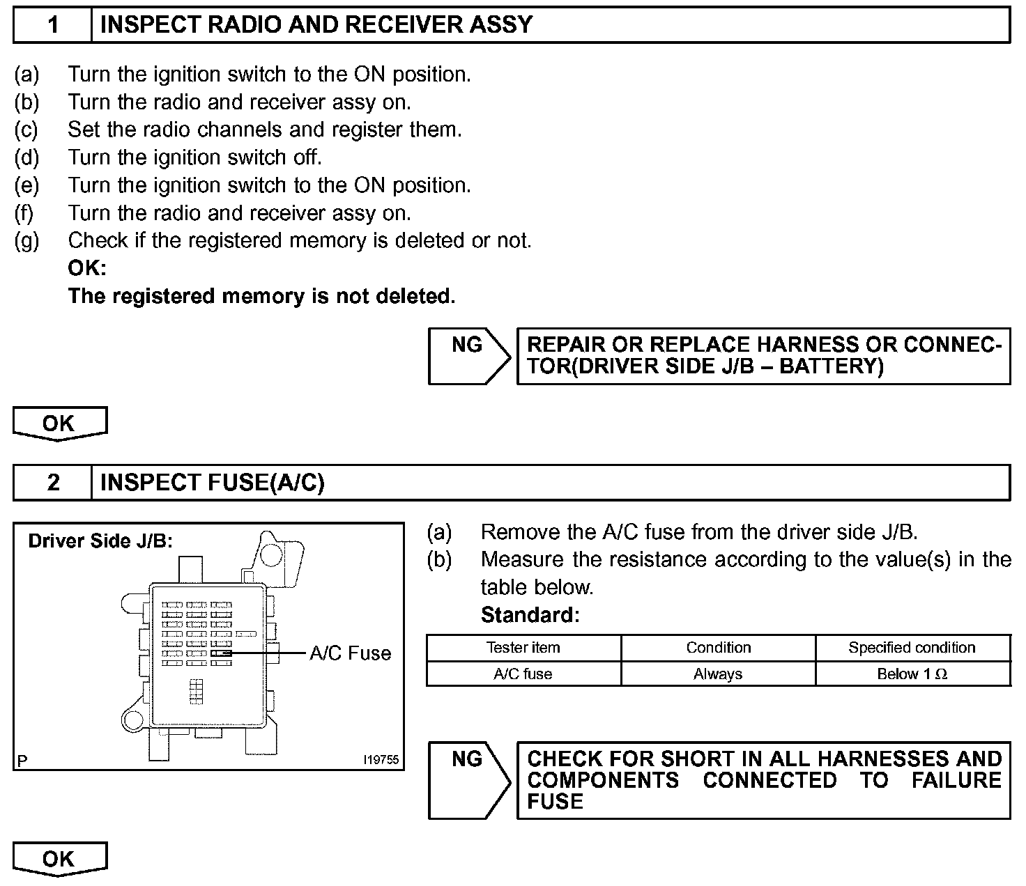 This is the back-up power source circuit for the A/C amplifier. Power is supplied even when turning the ignition switch off and is used for diagnostic trouble code memory, etc.
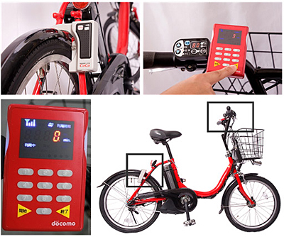 自転車本体のイメージ これまでサイクルポート(駐輪場)がもっていた通信機能やGPS機能、自転車の貸出し停止や電動アシスト機能のバッテリ残量の把握などの遠隔制御機能を、直接自転車本体に搭載することで、自転車本体だけで貸出・返却管理、施錠管理を完結させることができる。これによって専用の駐輪場システムが不要になり、導入コストを大きく削減することができる。
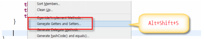 - Alt+Shift+S를 눌러서 Getter, Settet를 자동으로 만들 수 있다
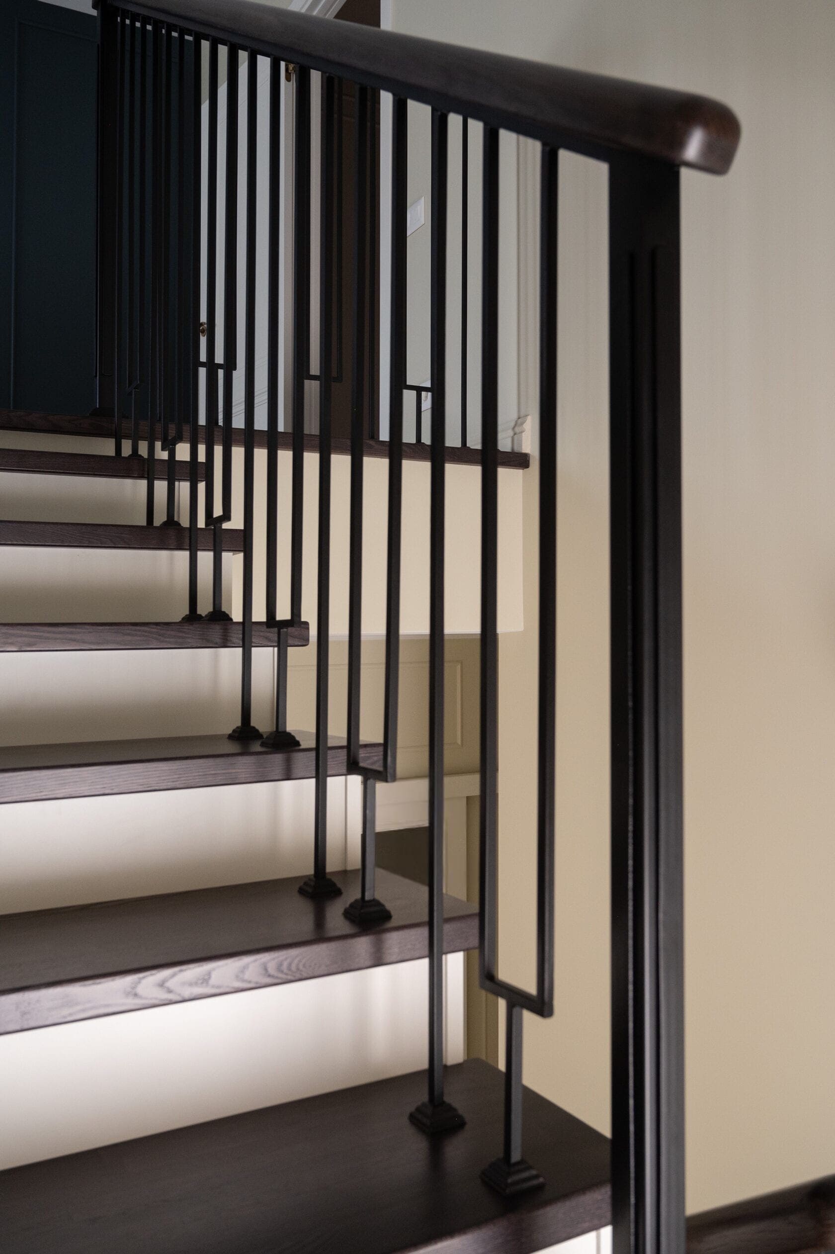 Балясины без накладок. Лестницы без подступенков, стекло, подсветка, рейки, без плинтуса у стены. Все это современный минимализм.

::::::::

--- TASK ---
The lines to write out run from the one containing "自転車本体のイメージ これま" through the final line of the material above, both included; write them out exactly, with no pictures.

--- ANSWER TO THIS EXERCISE ---
 自転車本体のイメージ これまでサイクルポート(駐輪場)がもっていた通信機能やGPS機能、自転車の貸出し停止や電動アシスト機能のバッテリ残量の把握などの遠隔制御機能を、直接自転車本体に搭載することで、自転車本体だけで貸出・返却管理、施錠管理を完結させることができる。これによって専用の駐輪場システムが不要になり、導入コストを大きく削減することができる。
 - Alt+Shift+S를 눌러서 Getter, Settet를 자동으로 만들 수 있다
 Балясины без накладок. Лестницы без подступенков, стекло, подсветка, рейки, без плинтуса у стены. Все это современный минимализм.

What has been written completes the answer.